All 10 treated units sit in one corner of the map

Longitude–latitude scatter of every Sumatran district: the 10 flooded (treated) units, in orange, cluster on Aceh’s far north-west coast.

Near things are more related than distant things — their growth shocks are not independent draws.

The point estimate never moved — only our honesty about it did

Moran’s I on the residuals is +0.065 (permutation p = 0.003): nearby districts’ growth is significantly correlated. The fix is a Conley spatial-HAC standard error.

Recovery effect Estimate Naive SE Conley-HAC SE t(HAC)
2006–08 +0.0628 0.0146 0.0244 +2.57

Same +0.0628 in every column.

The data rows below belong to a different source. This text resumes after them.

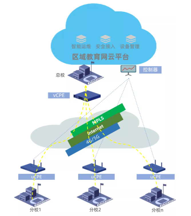 在分校部署SD-WAN技术的uCPE设备,总校部署vCPE;云端或者总校部署SD-WAN控制器,对uCPE和vCPE进行集中策略管理,建立SD-WAN虚拟专线,满足校园分支基于互联网的灵活部署和组网。
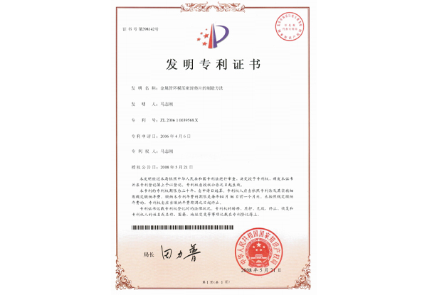 金属管环滚压密封垫片 实用新型专利证书
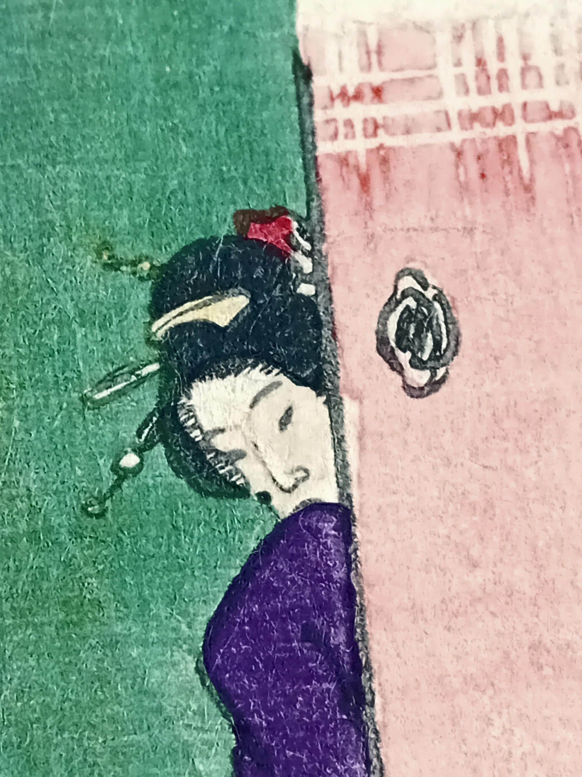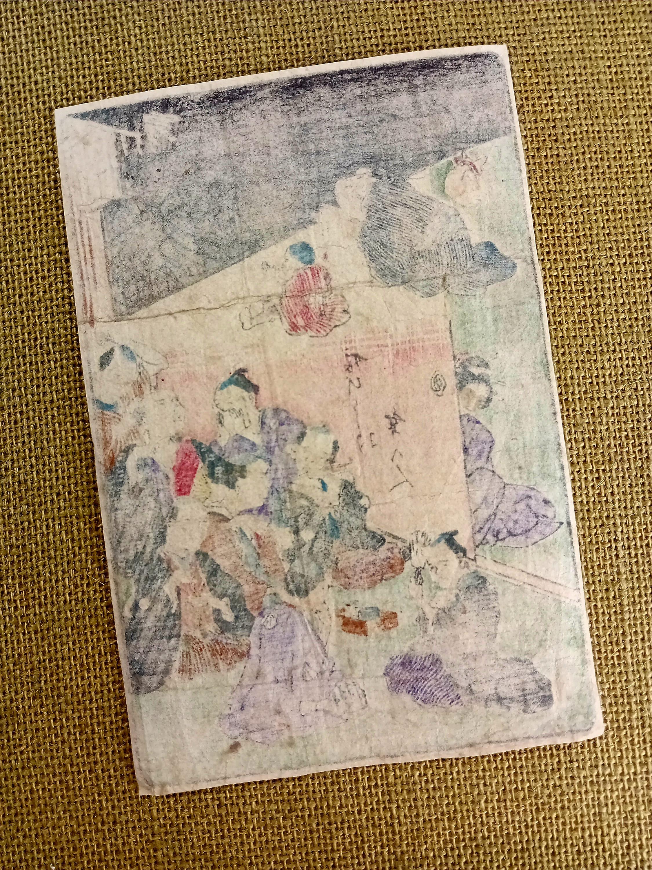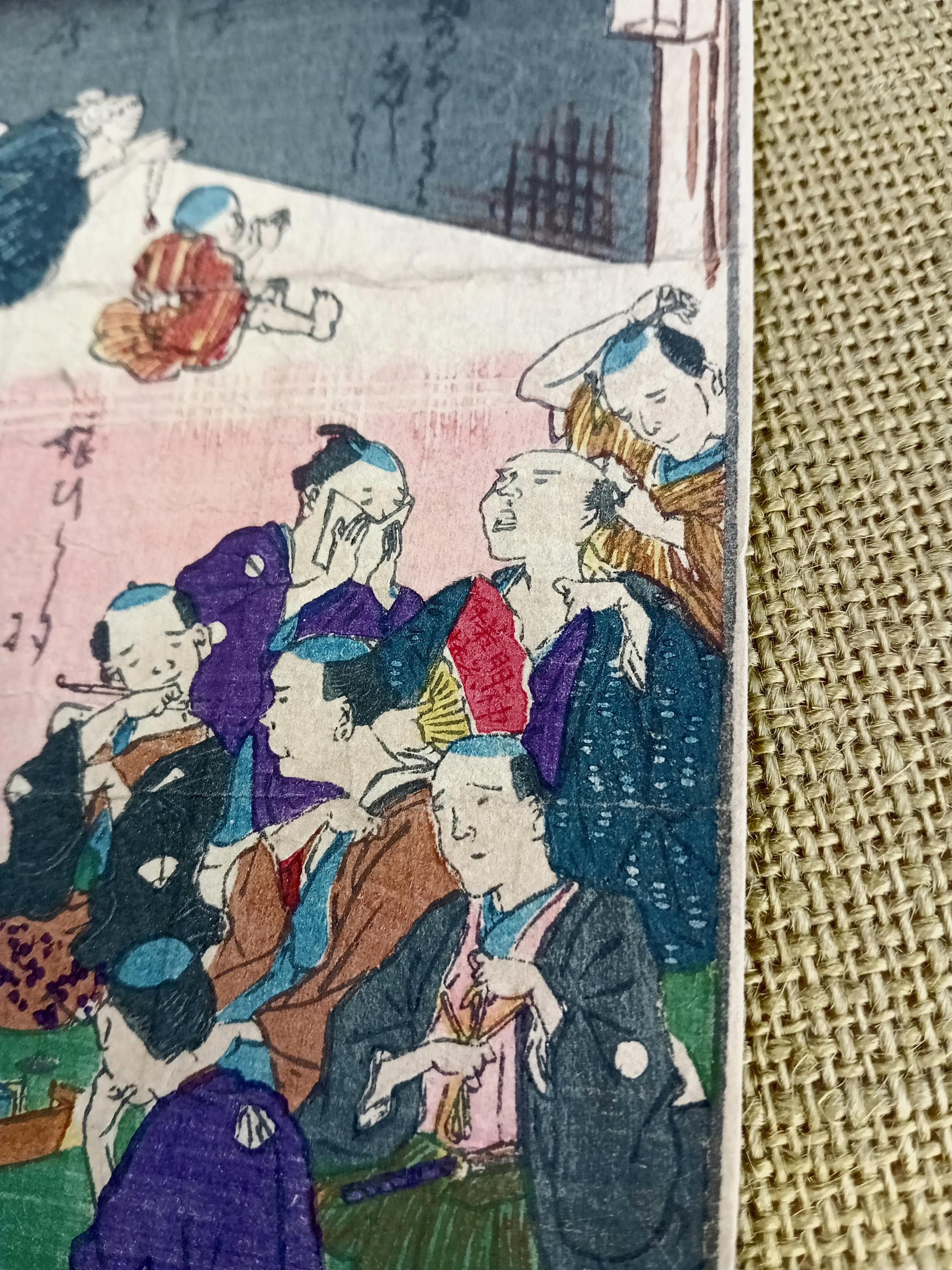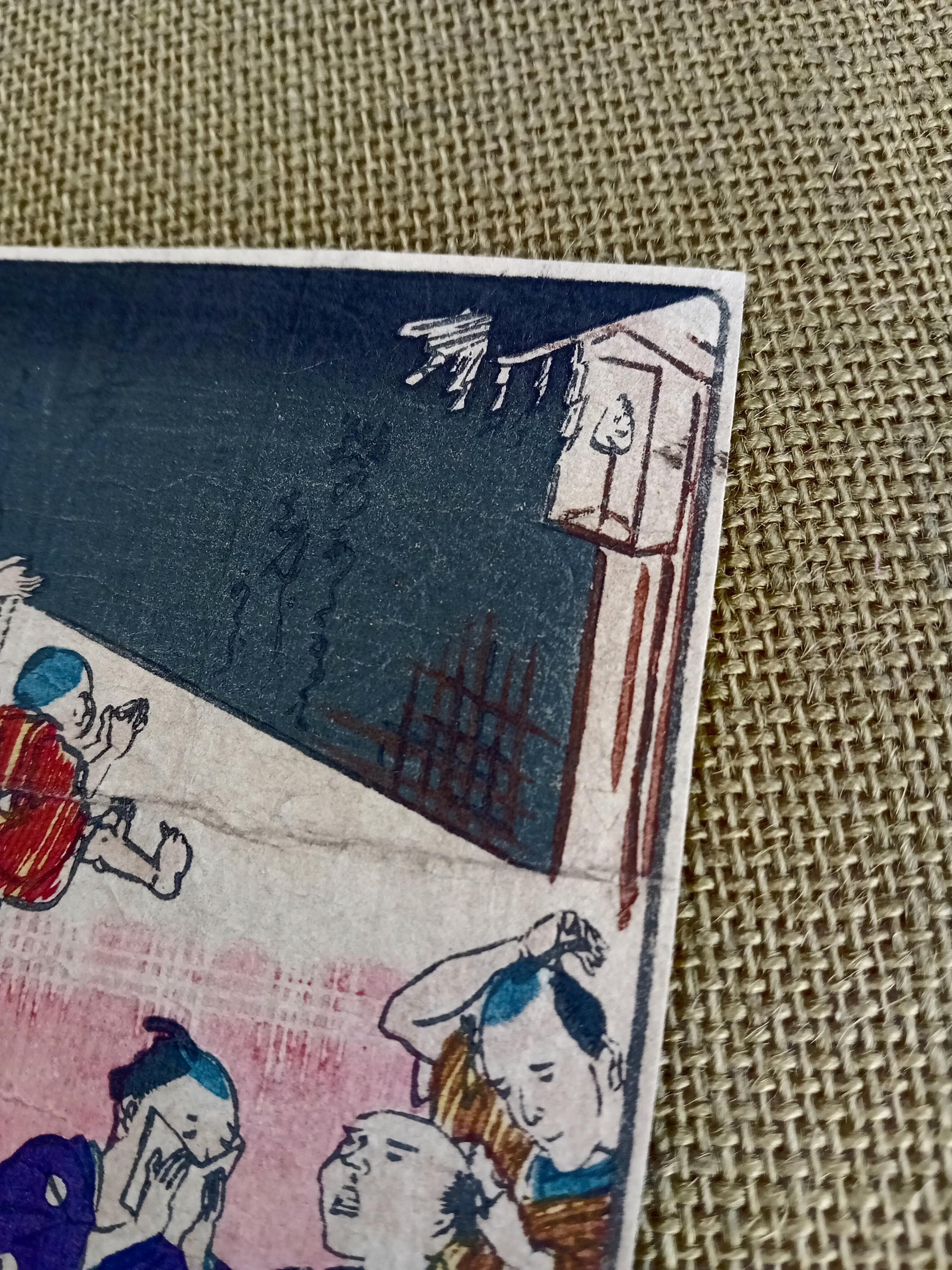 Original Japanese woodblock print from the late Edo to early Meiji period, from the series One Hundred Pictures by Kyosai (Kyosai Hyakuzu) by Kawanabe Kyosai. Printed in nishiki-e technique on traditional washi paper. This sheet comes from authentic nineteenth-century impressions of the series.
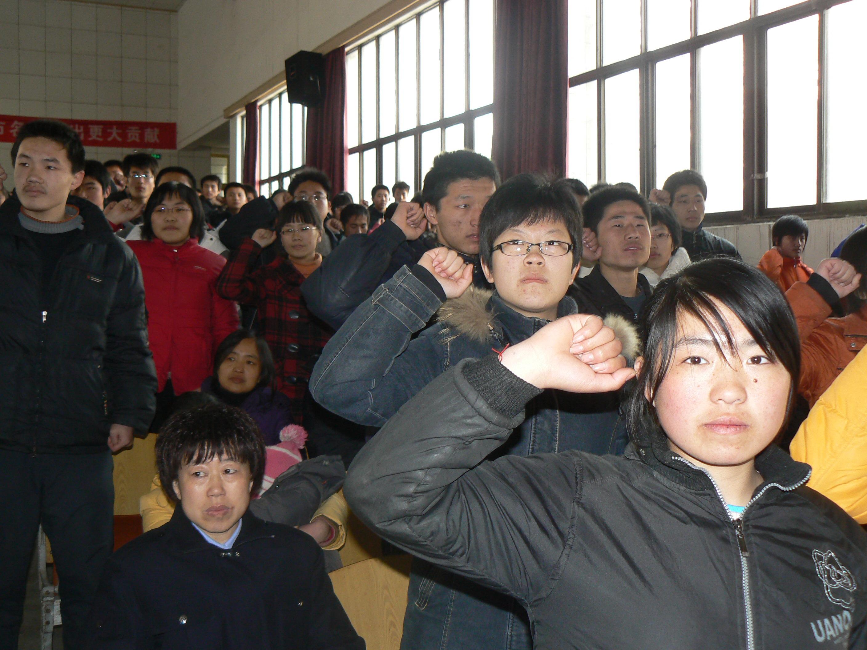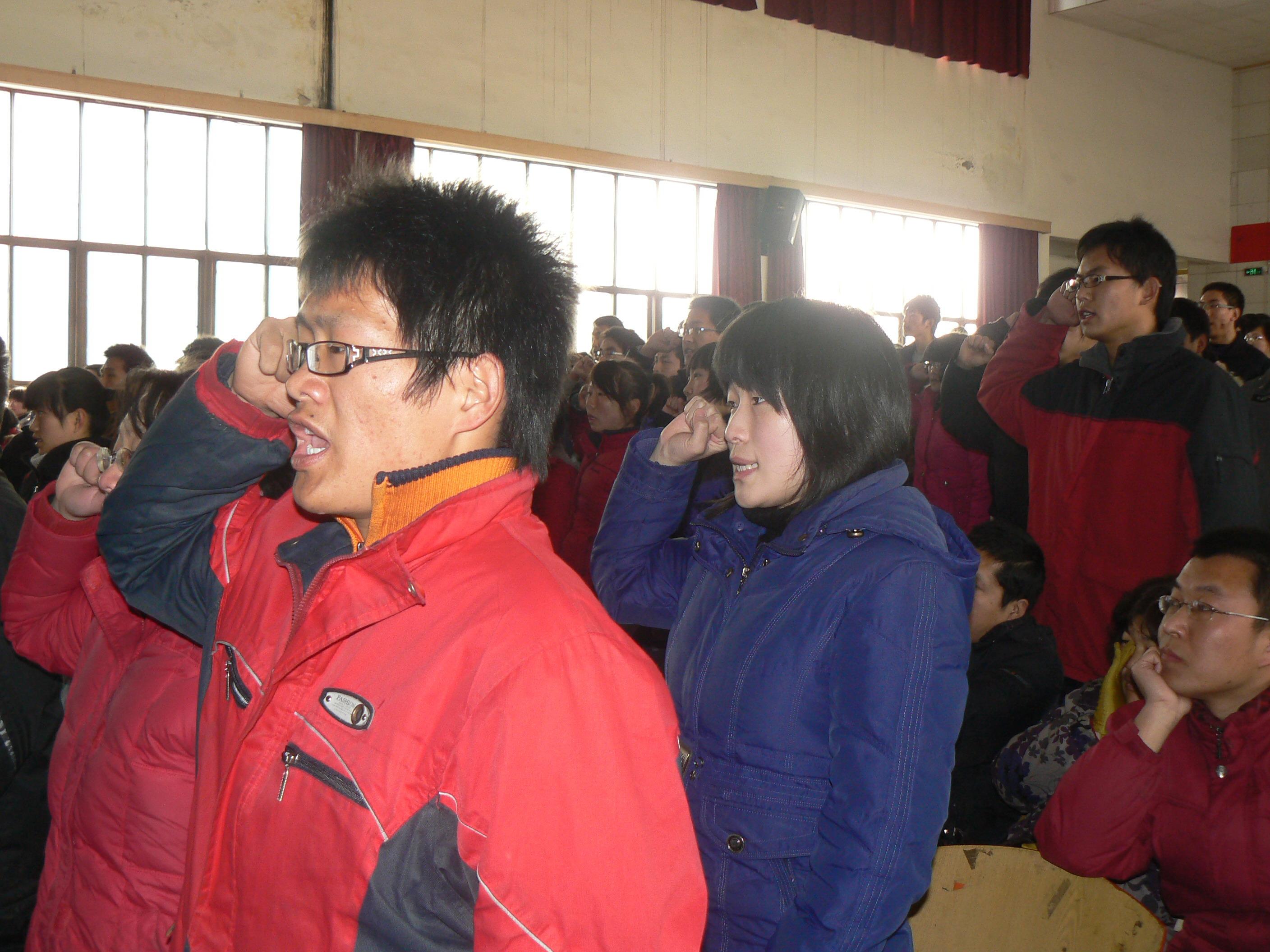 2010年3月7日下午1:30高三千余名学生和学生家长在礼堂召开了决战高考冲刺誓师暨家长会。年级主任王守涛主持了会议。 会上,徐继胜校长首先为大家分析了当前的高考形式,结合我校高考录取人数连年提升的优良成绩,为大家明确了当前高考努力的方向。同时,他向家长提出了三点建议:希望家长立足实际看待学生目前的成绩,积极配合老师监管好自己的孩子;希望家长关心孩子的安全问题,关注孩子的身心健康,做好后勤保障;希望家长多与孩子交流沟通,注重教育方式方法。他要求全体教师为了每个学生,为了每个家长,全力以赴,尽职尽责,与学生共同拼搏90天,帮助学生实现自己的梦想。最后,他勉励学生志存高远,以坚定的信念,勤奋的态度和科学的方法和永不言败的壮志豪情冲刺高考,创造2010年高考新辉煌。校长热情洋溢的讲话,大大激发了全体高三学生的斗志,催人奋进,博得师生们的阵阵掌声。 王主任从三大方面向家长介绍了高三的备考工作:以教师为主导,通过“三个加强”全面落实和完成高考攻坚阶段的教学任务;以学生为主体,通过“三个树立”全面迎接和驾驭备考阶段的学习挑战;以质量为根本,通过“三抓”全面提高学生的成绩。并围绕高考钱学生的心理表现,从两方面提醒家长“尽量不要给孩子施加压力”、“降低过高的期望,让考生心里有底。”教师代表王晓霞表示:有学生的地方,有学生的时刻,就一定会有老师的身影,我们一定会以校为家,忠于职守,我们会像爱自己孩子一样爱自己的学生,我们将精诚团结,通力合作,刻苦钻研,潜心备课,我们将笑对孩子们的提问与质疑,随时关注高考动向,我们与会同学们并肩作战,竭尽全力!随后学生代表许鸿坤带领全体同学宣誓:我们将以最饱满的热情,最昂扬的斗志,最刻苦的精神,最坚韧的毅力调动所有的潜能,会聚全部的力量,用拼搏换取进步,凭奋斗锻造信心,奋斗九十天,用汗水孕育不凡;奋斗九十天,用智慧丰富内涵;奋斗九十天,靠实力笑迎挑战! “奋战九十天,决胜高考”!铿锵有力、激情澎湃的声声誓词,久久回荡在青春的校园。高三决战高考冲刺誓师大会坚定了学子高考必胜的信心和决心。
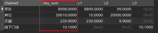 ( select *,sum(amount) over (partition by channel) as day_sum from report1 where date=to_date('2021-05-04','yyyy-MM-dd') ) as t1
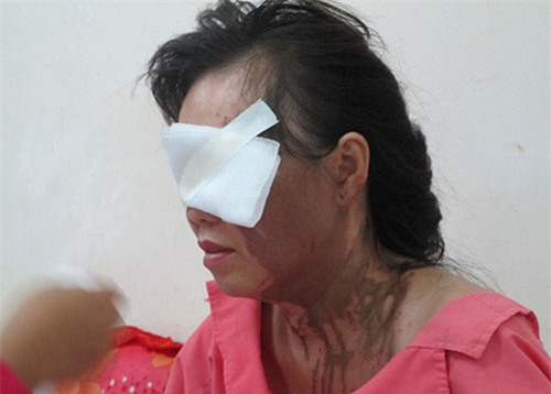 Bà Hà sau khi bị tạt axit. |

The SE inflates 1.68× — downgrading a spurious *** to an honest **.

The Resolution

Act III

Four methods, one story: recovery beyond the counterfactual trend

  • DiD — −7.9% in 2005, +6.3 pp/yr in 2006–08, on a permanently higher path
  • Event study — flat pre-trend, sharp collapse, significant rebound
  • Night-lights — the dose-response: only the worst-hit quintile rebounds
  • Synthetic control — +18.3% above the no-tsunami Aceh by 2012

Triangulation, not a single regression, is what makes the claim credible.

Well-governed mega-reconstruction can bend a poor region’s path upward

The lesson is not “disasters are good” — 130,000 people died. It is that a localized catastrophe followed by large, well-spent aid can leave a poor region permanently better off.

Aid ≈ 150% of damages · low-corruption agency · “built back better.”

That combination — not the wave — bent the path upward.

The strongest objection — and the answer

Objection. The data are synthetic, and there are only 10 treated districts — point estimates are fragile, standard errors wide.

Response.

  • Synthetic data are calibrated to the paper — audited column by column.
  • Small-N met head-on: flat pre-trend, null placebo, Conley-HAC errors.
  • Caveats narrow the claim — they don’t overturn it.

Five numbers to remember

Number Value
2005 output shock −0.0792***
2006–08 recovery premium (per year) +0.0628**
Synthetic-control gap by 2012 +18.3%
Moran’s I (spatial autocorrelation) +0.065
Recovery SE: naive → Conley-HAC 0.0146 → 0.0244

And five lessons: let evolving effects evolve · triangulate · satellite data unlock localized questions · clustered treatment needs honest inference · mind the small print.

A poor region, well-governed reconstruction, a permanently higher path.